Mr. Erickson, 77, died of multiple myeloma, which he battled for 13 years, Tuesday, Oct. 24, in his Barrington home.

Mr. Erickson grew up around Chicago. His father built staircases and his mother was a classical pianist, and he was torn between music and architecture.

He was drawn to Wright after seeing some of the architect’s buildings near his home in Portage Park. His father gave him a book of Wright’s work, which prompted him to pursue architecture at the University of Illinois at Navy Pier, where he began in 1948 after graduating from Proviso High School. As the story goes, he told a professor that an assignment was “not the way Wright would do it.” The professor responded by telling Mr. Erickson that if he liked Wright so much, he should go study with him.

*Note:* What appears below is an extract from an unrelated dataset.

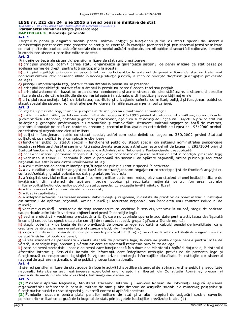 Legea Nr 223 2015 Privind Pensiile Militare De Stat Actualizată 2020 Lege5 Ro

Mr. Erickson was initially turned away from Wright’s Taliesin studio in Wisconsin and drove to a pay phone and called the studio. Wright answered and agreed to take him on as an apprentice if he would go to Wright’s Taliesin West in Arizona. He was with Wright for three years, splitting time between Arizona and Wisconsin until he started his own practice in 1951.

“Don considered Mr. Wright a second father,” his wife said. “It was a very powerful time in his life.” Wright is said to have put his arm on Mr. Erickson’s shoulder while telling him the world had enough musicians and what it needed was good architects.

By 1952, Mr. Erickson was building his first house, for his parents, in Inverness. In December of that year, he married his first wife, Shirley Erickson. She said that instead of a honeymoon in Mexico, the couple spent two weeks driving icy roads to look at Wright houses in Wisconsin, Iowa and Illinois.

The couple soon built a house for themselves near Palatine. By 1966 they had a house on 10 acres on the north side of Barrington and lived there with their three children. A tornado in April 1967 destroyed the home, but Mr. Erickson rebuilt on the foundation and lived there the rest of his life.

Mr. Erickson spent some time in the 1970s helping to establish a design program at Northern Illinois University in DeKalb. While there he met and married his second wife, Sharon Dam. They later divorced.

Mr. Erickson was co-founder in 1998 of the Association of Licensed Architects, where he sought to offer architects continuing education and other benefits at reasonable dues.

Patricia Lusk renewed an acquaintance with Mr. Erickson in 1989 when she asked if she could be an unpaid summer intern in his office as part of her course work in interior design at Arizona State University. She said the experience featured a great deal of work. They were married six months later on her Christmas break, before she went back to finish work on her degree.

“We were beautiful together as a team,” she said. Their collaboration won a recent Sub-Zero Kitchen Design Award as well as an award for an addition at what is now Fifth Third Bank in Wauconda. “He lived and breathed architecture,” she said. “He was still working up until last week.”

“He stood up for what’s right and true,” Heinz said. “You can see that in his buildings–honest buildings from an honest man.”